10 Easily Implementable Life Problem-Solving Strategies

I'm a big fan of litmus tests, heuristics, rules of thumb (here's my wiki with hundreds of rules), and anything else that can help me make a quick decision when there's too little time or too much indecisiveness.

Colin Marshall posted 10 "easily memorable and implementable life problem-solving strategies" that are really stellar. I've excerpted all the heuristics below. Read each one.

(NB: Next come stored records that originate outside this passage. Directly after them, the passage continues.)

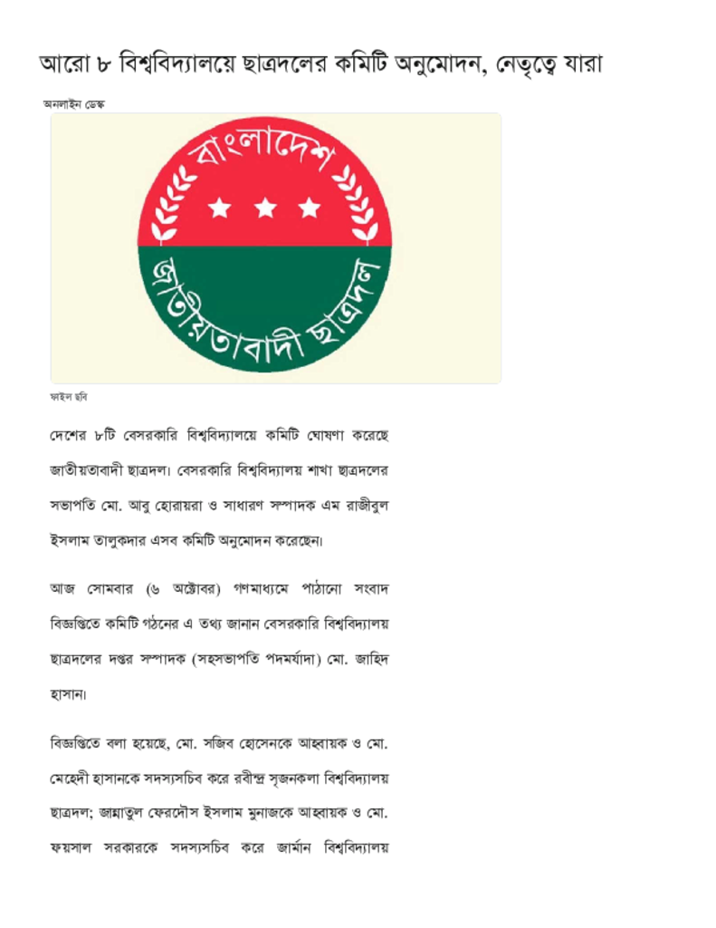 আরো ৮ বিশ্ববিদ্যালয়ে ছাত্রদলের কমিটি অনুমোদন, নেতৃত্বে যারা.pdf Published on 06 October 2025 Newspaper দৈনিক কালের কন্ঠ Category Student Politics General Education Download
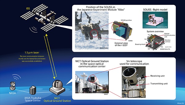 지난 2020년 4월 소니는 우주 저궤도 ISS에 탑재한 솔리스 통신 장치와 일본에 있는 광지상국을 연결해 고화질(HD) 영상 데이터를 (양방향 이더넷 링크로) 세계 최초로 수신하는 데 성공했다고 발표했다. (NICT 광 지상국은 우주통신 관련 기술 개발을 위해 설치된 망원경 시설이다. 총 4개의 망원경으로 구성돼 있다. 도쿄 가고네이에 있는 렌즈 구경 1.0m와 1.5m인 망원경, 이바라키 가시마에 있는 1.0m 망원경, 오키나와 구니가미군 온나에 있는 1.0m망원경이 그것이다.)
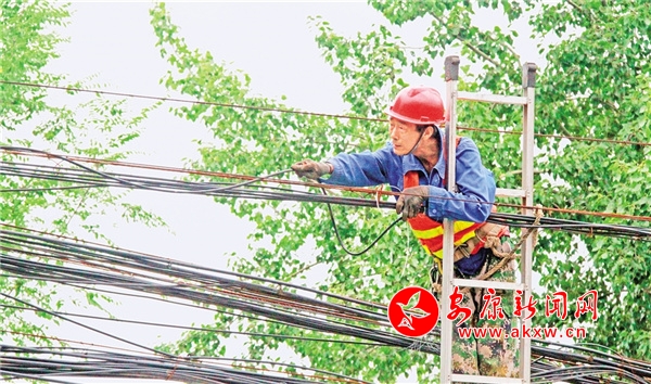 與此同時(shí),不遠(yuǎn)處的公路局家屬院內(nèi),國(guó)網(wǎng)漢濱分公司的工作人員也正在隔離區(qū)域內(nèi)進(jìn)行空中作業(yè)。盡管汗水浸濕了厚重的牛仔工裝,但為了盡量縮短施工時(shí)間,現(xiàn)場(chǎng)的工作人員仍以最快的速度甄別、剪除廢線,梳理捆扎。不一會(huì)兒,一小片雜亂線纜就變得橫平豎直、高低一致、規(guī)范有序。
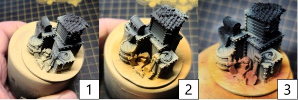 Step 3) To finish off the basing color, I add a drop of Amethyst Rose to the previous mixture and blend/airbrush this into the deepest areas and ridges of the sand. I’m careful not to add too much Amethyst Rose to the previous color—we’re looking for a nice almost rusty color here.

  • "Would I respect me?" I supposedly ask myself this about either my life in general, as a tool for broader self-assessment, or about a specific action I'm contemplating taking. Pro: straight to the point. Con: too much wiggle room — where's the line between what's respectable and what isn't?
  • "What benefits my future self?" I've found no better way to battle the bad habit of foisting tasks and undesirabilities onto the Colin of a few days from now than to identify what I could do next and automatically choose whatever benefits my future self most — or harms him the least, anyway. Pro: eases the dealing-with of future unforeseen developments, both positive and negative. Con: what if present Colin gets hit by a bus, leaving nobody to collect my future-self benefits?
  • "Find the thin end of the wedge." This is stuff of folk aphorisms about thousand-mile journeys begun by single steps, camel noses poking inside tents and what have you. Meaning: daunting tasks are made more doable than they seem by isolation of the small ones that precede or collectively constitute them. Werner Herzog, discussing the task of assembling an entire cast of little people for Even Dwarfs Started Small, put it eloquently: "One dwarf would tend to know another." Pro: makes hardish stuff not so hard, at least perceptually, which is half the battle anyway. Con: could potentially get me under more onerous obligations than I can foresee.

  • "Barf it out, then clean it up." A friend quoted her journalism teacher as saying this, and I've since adopted it as a pithy reflection of the broader phenomenon that the sole path to non-suckage winds through the treacherous woods of suckage. I must therefore make peace with producing something sucky and then iterate that initial product until it achieves decency. The trick is avoiding discouragement by that first piece of suckiness. As a writing principle, everyone knows this — you pound out the rough draft, then do the real writing, which is rewriting — but I submit that it's applicable across all pursuits. Pro: it's the only way to create good things, I suspect. Con: risks incentivizing producing crappier than I have to, at least to start. A worse initial effort might make fruitful iteration tougher.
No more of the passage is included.